CNS biomarker analysis
The dataset includes 57 patients with plasma samples of the three CNS biomarkers NfL, t-tau and GFAp, analyzed during acute COVID-19 at the ICU and at follow-up 3–6 months after discharge (Table 6). All biomarkers showed correlations with increased patient age, NfL (p < 0.001, R2 = 0.10), t-tau (p-value = 0.005, R2 = 0.06) but the effect was by far the strongest for GFAp (p < 0.001, R2 = 0.36) (Fig. 2). This was taken into account in the ANOVA as described above.
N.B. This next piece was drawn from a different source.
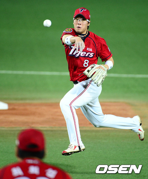 21일 오후 대구야구장에서 열린 '2012 팔도 프로야구' 삼성 라이온즈와 KIA 타이거즈의 경기, 5회말 1사 2루 삼성 박한이의 땅볼 타구를 잡은 KIA 안치홍이 점프를 하며 1루로 송구하고 있다.

The CNS biomarkers GFAp, NfL and t-tau in correlation to age. (a) GFAp concentration correlation to age. GFAp levels increases with increasing age. (b) NfL concentration correlation to age. NfL levels increases with increasing age. (c) T-tau concentration correlation to age. T-tau levels increases slightly with increasing age. ICU intensive care unit. GFAp Glial fibrillary acidic protein. NfL Neurofilament light chain.
Association between CNS biomarkers and fatigue
The average concentration of the glial biomarker GFAp was higher during acute COVID-19 compared to follow-up. GFAp showed significant effects for age and gender, being higher with increasing age and female gender. GFAp concentrations were lower both in the ICU and at follow-up in those with fatigue in the dimensions general fatigue (p = 0.009), physical fatigue (p = 0.004), mental fatigue (p = 0.001), and reduced motivation (p < 0.001) (Fig. 3 and Fig. 4). The effect was more pronounced in women, except for mental fatigue where it was more pronounced in men.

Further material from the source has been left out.